Acquired 11q23/MLL rearrangement of unknown clinical significance

Guilin Tang 1, Carlos E Bueso-Ramos 1, Shaoying Li 1, L Jeffrey Medeiros 1, Sa A Wang 1
PMCID: PMC6965386  PMID: 31966776

Abstract

Newly emerged 11q23/MLL rearrangements in patients with a prior history of cytotoxic therapies are almost always associated with therapy-related hematological malignancies. Here we report a patient who had received various chemotherapies for his chronic lymphocytic leukemia (CLL). An abnormal clone of t(3;11)(p13;q23) was detected in 7 out of 20 metaphases in the bone marrow (BM) in the 15th year of disease. MLL rearrangement was detected in myeloid and erythroid cells, not in CLL cells by combined morphologic and fluorescence in situ hybridization. BM showed no evidence of myelodysplasia or increased blasts. Patient had been closely followed for 3 years, the abnormal clone was persistently detected but the patient had normal blood counts and normal BM examinations. This is the first case to show MLL rearrangement of unknown clinical significance in the setting of post cytotoxic chemotherapy.

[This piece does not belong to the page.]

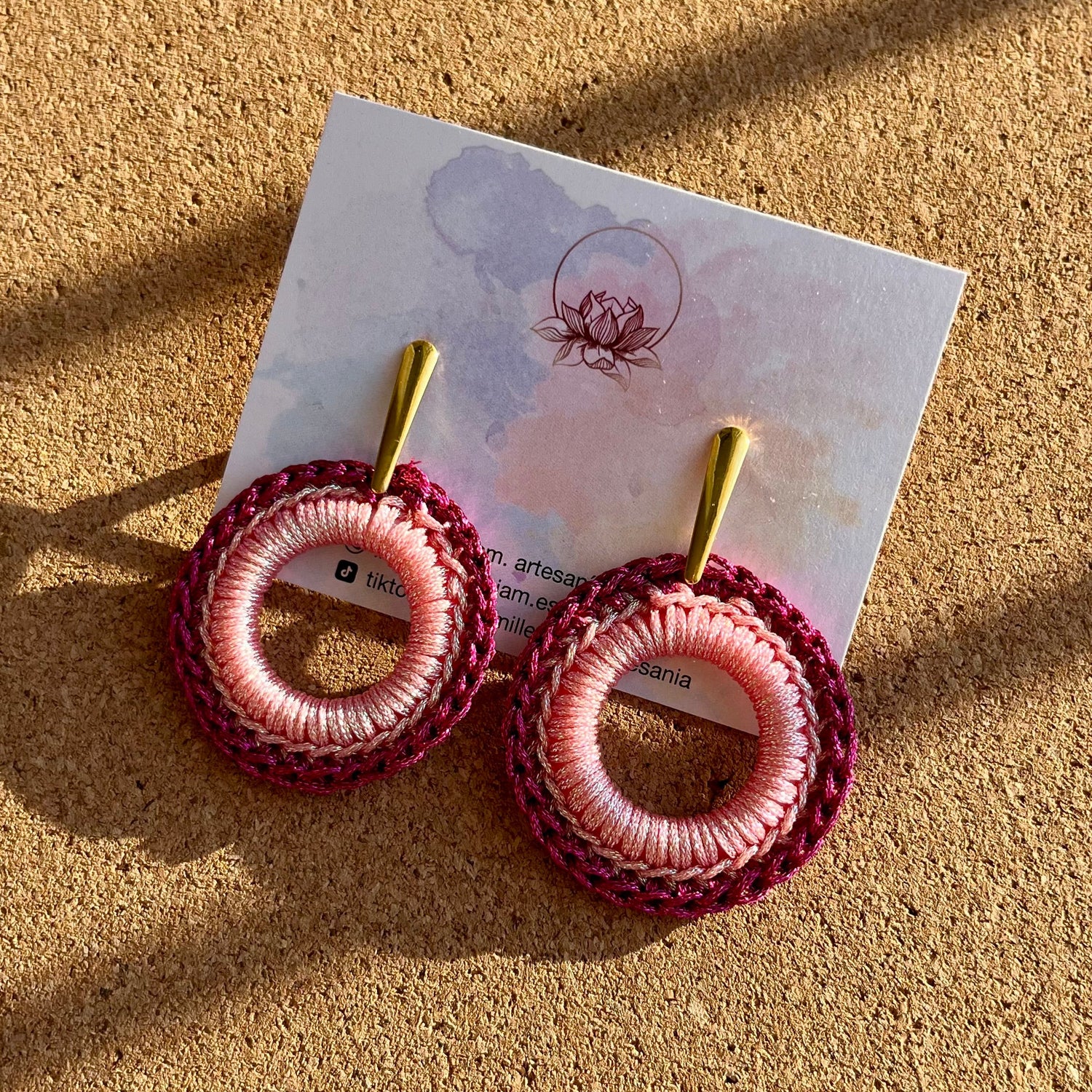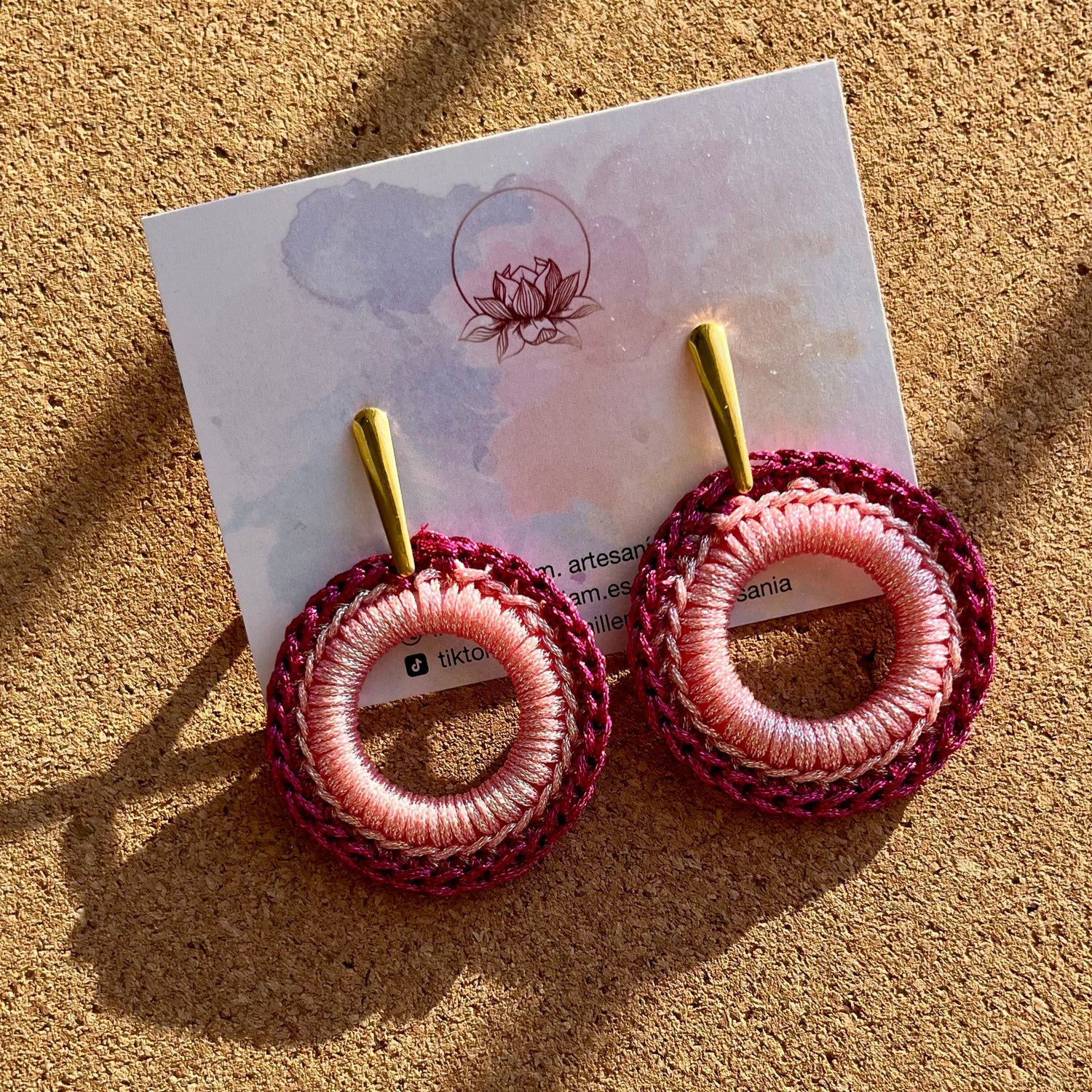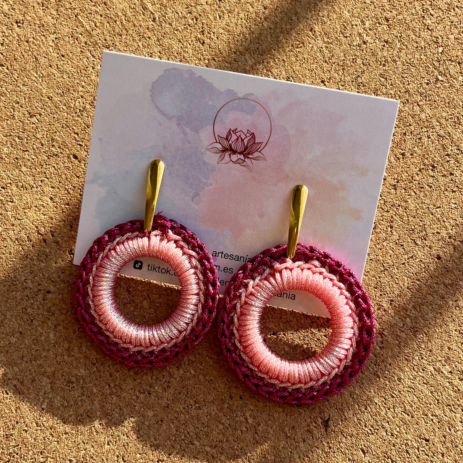 Los pendientes Ardena están tejidos a mano en crochet con un degradado espectacular que va del rosa empolvado al fucsia profundo, evocando la energía de un corazón vibrante.

Keywords: MLL rearrangement, therapy-related hematological malignancy, unknown clinical significance

Introduction

Rearrangements of MLL (also known as KMT2A), located at chromosome 11q23, are often associated with acute myeloid leukemia (AML), B lymphoblastic leukemia (B-ALL), mixed phenotype acute leukemia, and less frequently with myelodysplastic syndromes (MDS) [1]. The translocation partners for 11q23 are diverse, with over 70 MLL partner genes identified [1-3]. t(9;11)/MLL-AF9, t(4;11)/MLL-AF4, t(11;19)/MLL-ENL, t(11;19)/MLL-ELL, t(6;11)/MLL-AF6, t(10;11)/MLL-AF10, are the most common translocations and partner genes, representing >80% of all MLL rearrangements [4].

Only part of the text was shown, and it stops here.